Step 4: Recognize the Left Side as the Derivative of a Product.
The left side of the equation from Step 3 is $\frac{d}{dx}[y \cdot I(x)] = \frac{d}{dx}[y \cdot x^2] = \frac{d}{dx}(y x^2)$.
Let's verify this using the Product Rule: $\frac{d}{dx}(y x^2) = \frac{dy}{dx} x^2 + y \frac{d}{dx}(x^2) = x^2 \frac{dy}{dx} + y (2x) = x^2 \frac{dy}{dx} + 2xy$. This matches the left side.

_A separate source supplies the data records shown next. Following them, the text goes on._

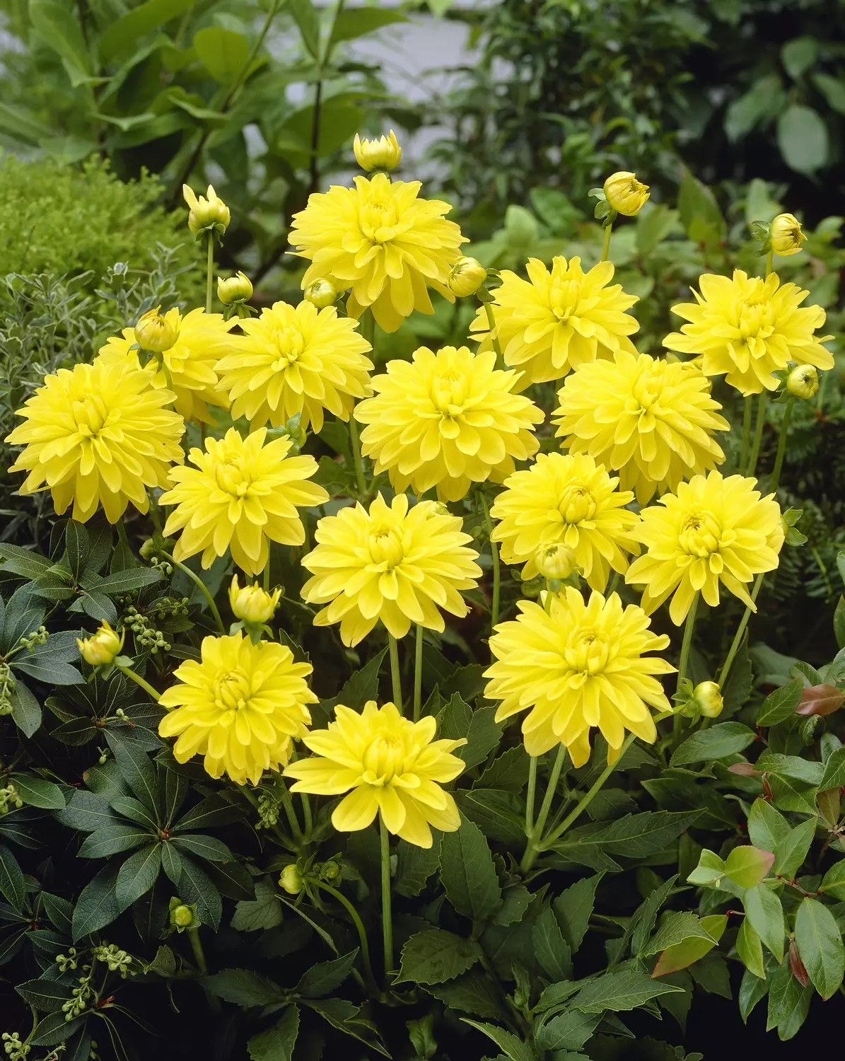 Dahlia ‘Melody Latin’ offers an impressive display even in smaller spaces. This compact upright variety is celebrated for its glowing yellow blooms, each one perfectly rounded with smooth, full petals that create a warm, sunlit presence from the moment they open.
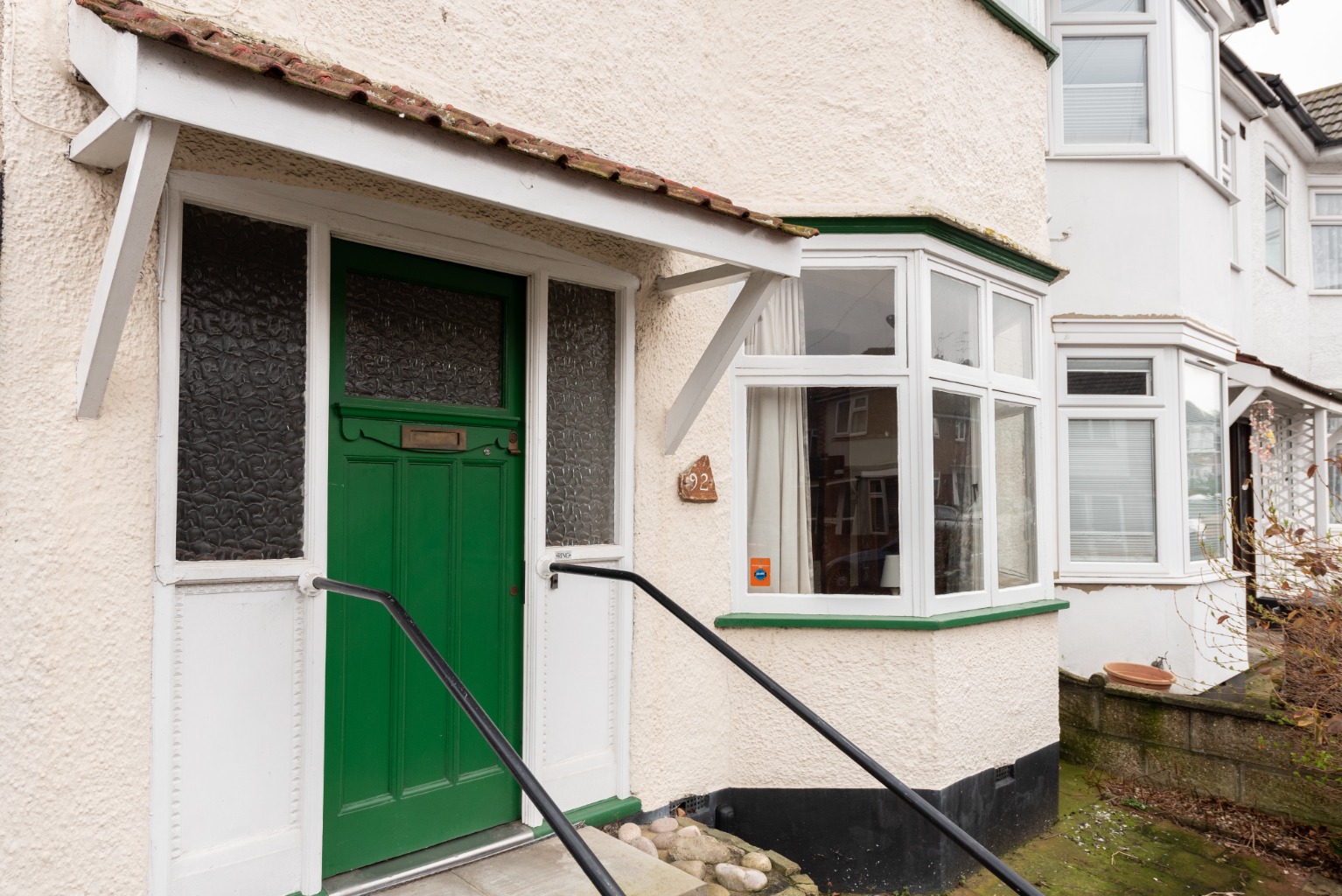 On a quiet street with resident’s only parking, the property occupies a large plot with a gated driveway and garage to the side, along with secure access to the rear of the property, via a gated pathway between the garage and house. There are nice architectural touches typical of the period of the property, with a double height bay window and well preserved original front door and side glazing with canopy above. The façade is rendered and finished in a soft cream. The welcoming front garden is accessed via a separate pedestrian gate, set into the low stone garden wall, with a small set of steps up to the green painted front door.
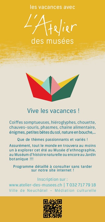 |  | L'été arrive... C'est génial !!!L'heure a donc sonnéavec de super chouettes ateliers... le nombre de places étant limité !!! Au plaisir de vous accueillir avec gaieté... L'équipe de l'Atelier des muséesService de la culture - Médiation culturelle
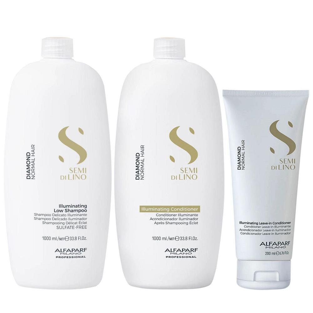 Kit Alfaparf Semi Di Lino Diamond - Shampoo 1L + Condicionador 1L + Leave in 200ml
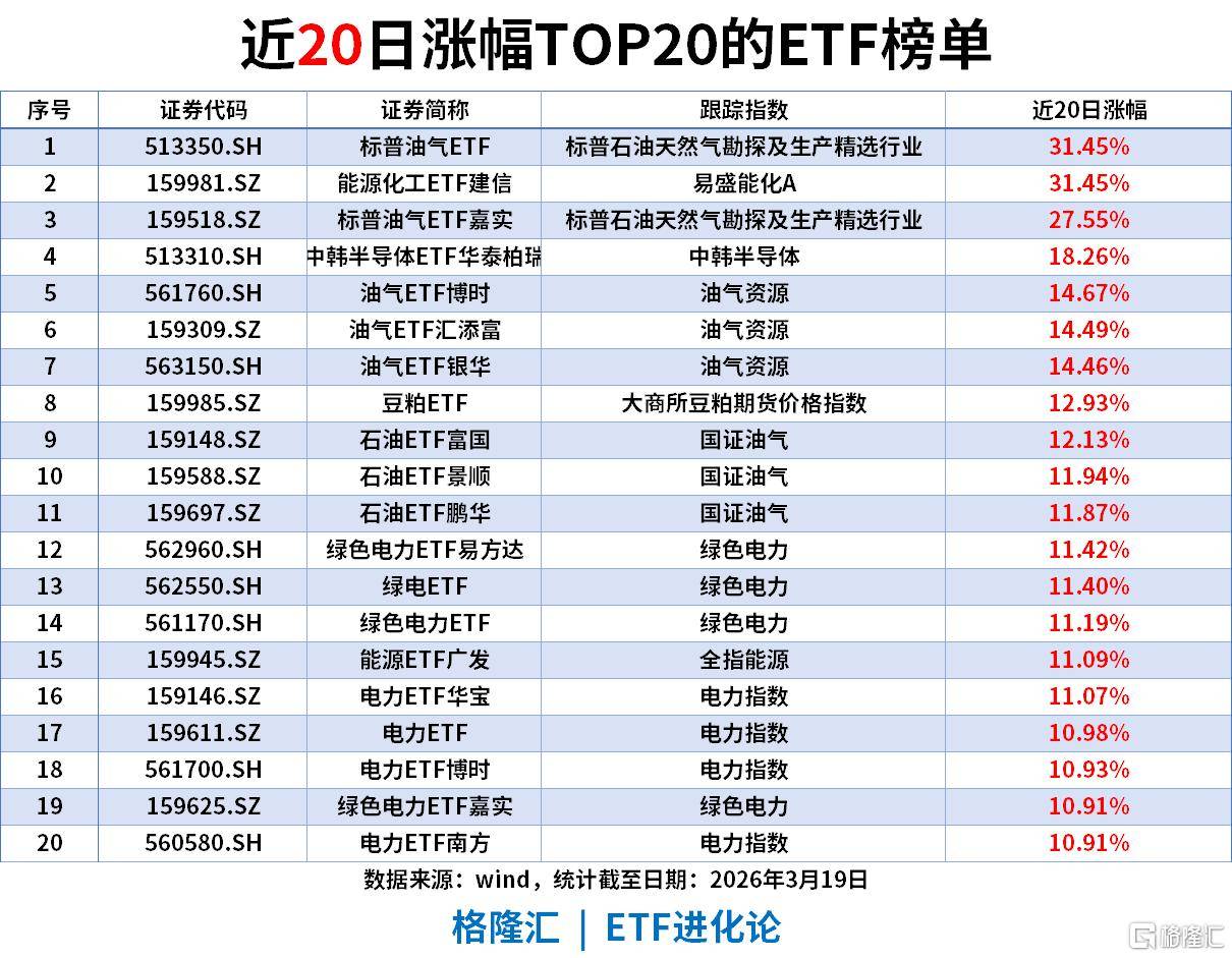 近20日涨幅(fu)TOP20ETF(截(jie)至2026-03-19)

So, the equation from Step 3 can be written as:
"$\frac{d}{dx}(y x^2) = x^3 \ln x$"
[Left side is a perfect derivative]
Step 5: Integrate Both Sides with Respect to $x$.
Integrate both sides of the equation from Step 4 with respect to $x$. The integral of the derivative on the left gives the function inside.

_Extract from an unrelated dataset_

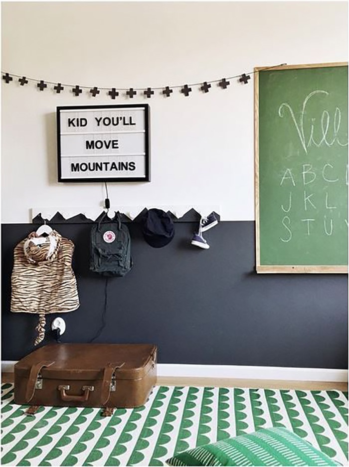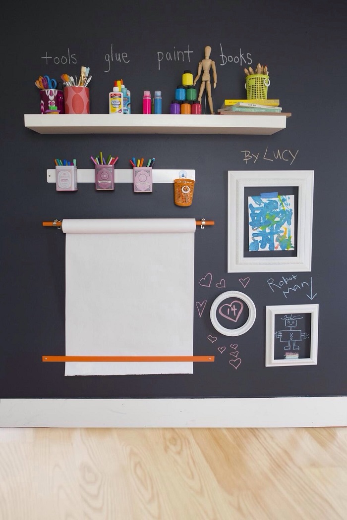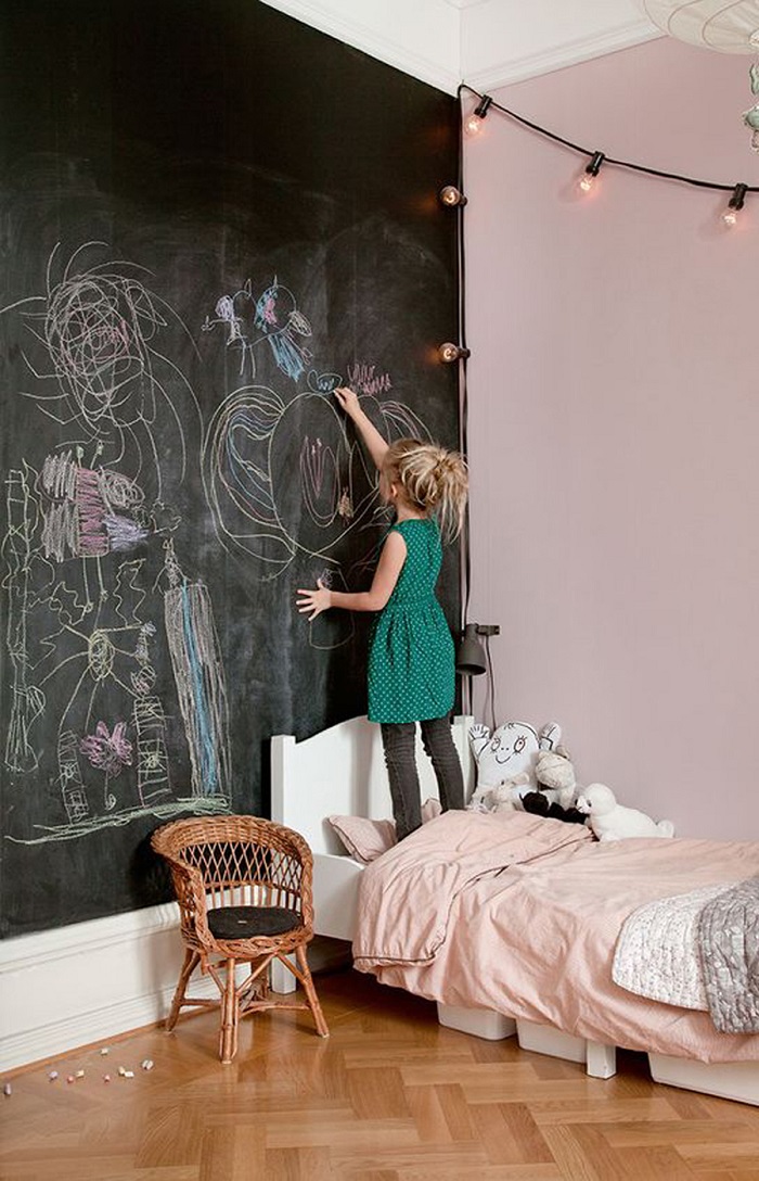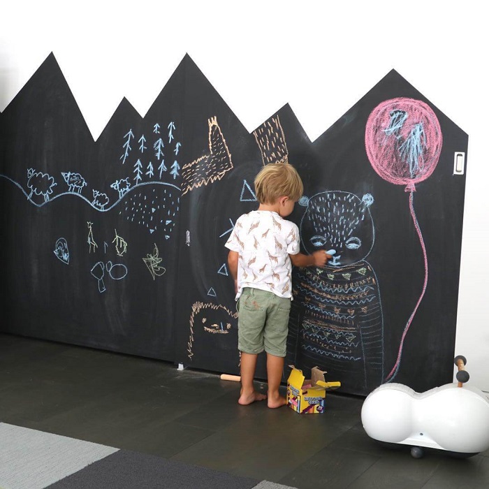 Hoặc phía dưới là bảng đen cho con tha hồ nghịch phía trên cao vẫn là tường trắng tinh mà không hề sợ bẩn.
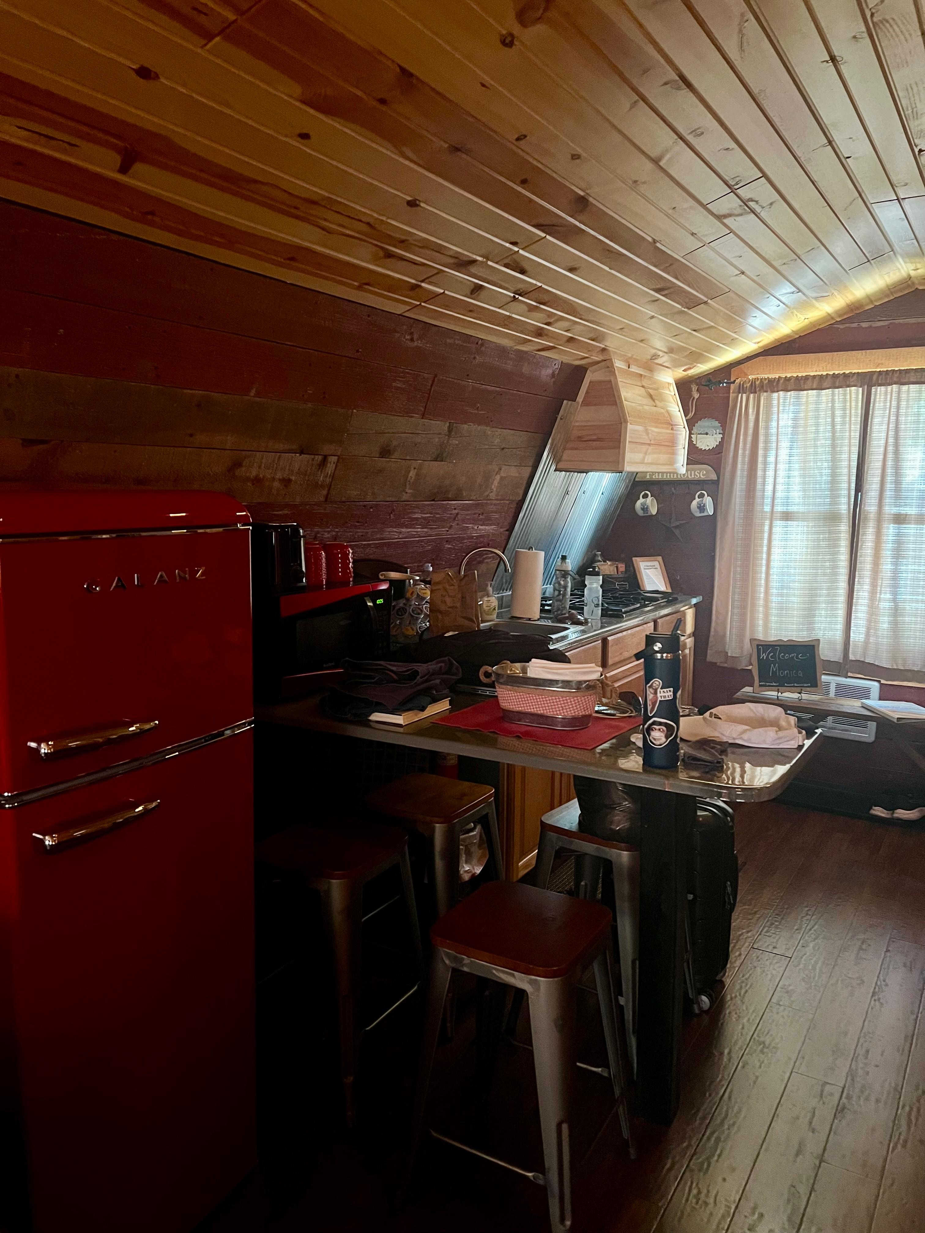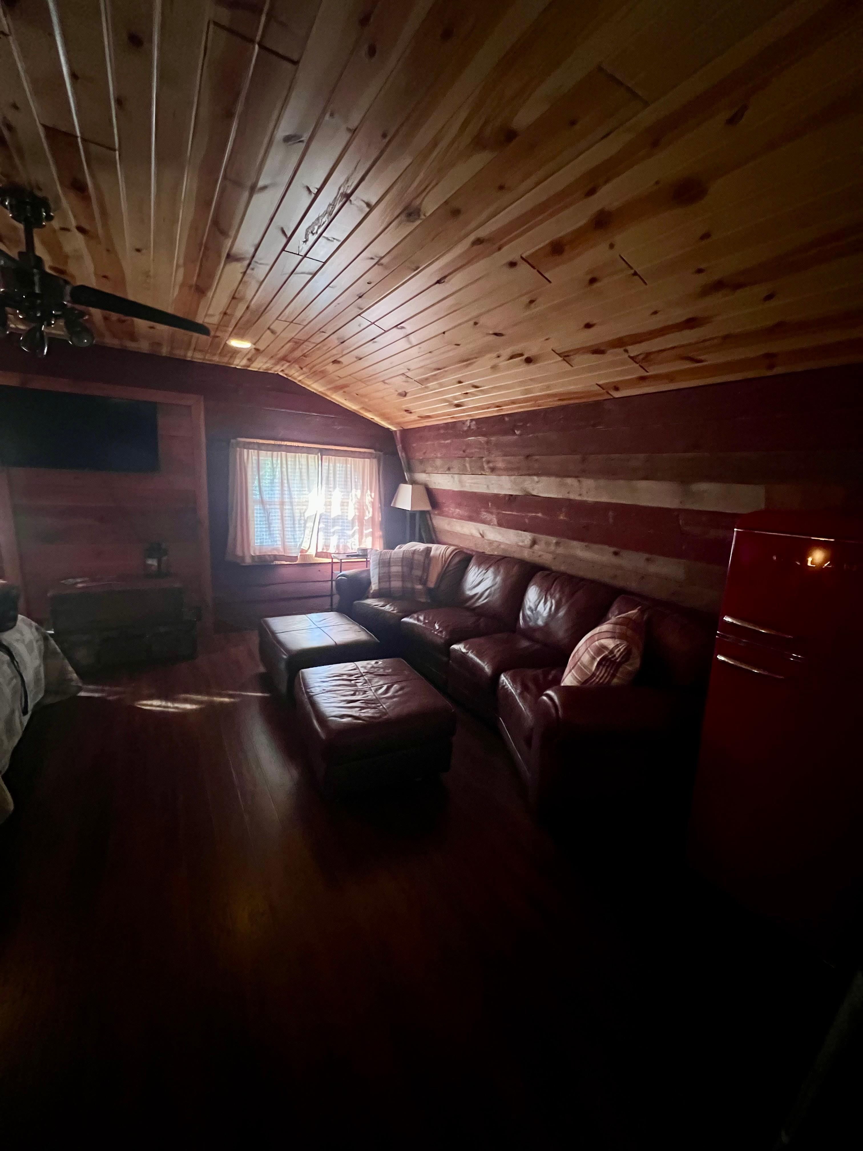 Our place is a 10-minute drive to I-35/Ames. This space is a flat above a detached garage and has a lovely, cabin-like, rustic charm. The space is separate from the main house. The living room has a pull-out couch, increasing guest size from 4 to 6. This space includes a mini fridge, microwave, Keurig, a smart TV with streaming access, Wifi, a dining area, and an outdoor grill. It is not handicap accessible as it requires going up one flight of stairs. Quiet neighborhood. Close to nearby restaurants, parks, and fuel stops.

"$\int \frac{d}{dx}(y x^2) dx = \int x^3 \ln x dx$"
[Integrate both sides]
The left side is simply $y x^2$. For the right side, we need to evaluate the integral $\int x^3 \ln x dx$. This requires Integration by Parts. Let $u = \ln x$ and $dv = x^3 dx$ (using LIATE rule: Logarithmic before Algebraic).
- $u = \ln x \implies du = \frac{1}{x} dx$.

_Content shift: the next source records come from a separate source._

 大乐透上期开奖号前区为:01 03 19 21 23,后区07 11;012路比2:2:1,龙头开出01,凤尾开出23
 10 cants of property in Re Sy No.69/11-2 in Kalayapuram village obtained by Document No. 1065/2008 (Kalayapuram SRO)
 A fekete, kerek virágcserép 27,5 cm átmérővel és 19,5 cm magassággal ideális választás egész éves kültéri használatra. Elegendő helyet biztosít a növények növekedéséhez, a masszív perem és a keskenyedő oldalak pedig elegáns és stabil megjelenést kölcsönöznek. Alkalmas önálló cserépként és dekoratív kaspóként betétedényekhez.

- $dv = x^3 dx \implies v = \int x^3 dx = \frac{x^4}{4}$.
Apply the Integration by Parts formula $\int u dv = uv - \int v du$:
"$\int x^3 \ln x dx = (\ln x)\left(\frac{x^4}{4}\right) - \int \left(\frac{x^4}{4}\right) \left(\frac{1}{x} dx\right)$"
$= \frac{x^4 \ln x}{4} - \int \frac{x^3}{4} dx$"
[Simplify the new integrand]
Evaluate the remaining integral:
$= \frac{x^4 \ln x}{4} - \frac{1}{4} \int x^3 dx = \frac{x^4 \ln x}{4} - \frac{1}{4} \left(\frac{x^4}{4}\right)$"
$= \frac{x^4 \ln x}{4} - \frac{x^4}{16}$"
Now, equate the left side of Step 5 with the evaluated right side integral and add the constant of integration $C$:
"$y x^2 = \frac{x^4 \ln x}{4} - \frac{x^4}{16} + C$"
[Result after integration, add $C$]
Step 6: Solve for $y$.
Divide the entire equation by $x^2$ to solve for $y$ (assuming $x \neq 0$, which is given $x>0$):
"$y = \frac{1}{x^2} \left( \frac{x^4 \ln x}{4} - \frac{x^4}{16} + C \right)$"
[Divide by $x^2$]
Distribute $\frac{1}{x^2}$:
"$y = \frac{x^4 \ln x}{4x^2} - \frac{x^4}{16x^2} + \frac{C}{x^2}$"
Simplify the terms:
"$y = \frac{x^2 \ln x}{4} - \frac{x^2}{16} + Cx^{-2}$"
The general solution for $x > 0$ is $y = \frac{x^2 \ln x}{4} - \frac{x^2}{16} + Cx^{-2}$.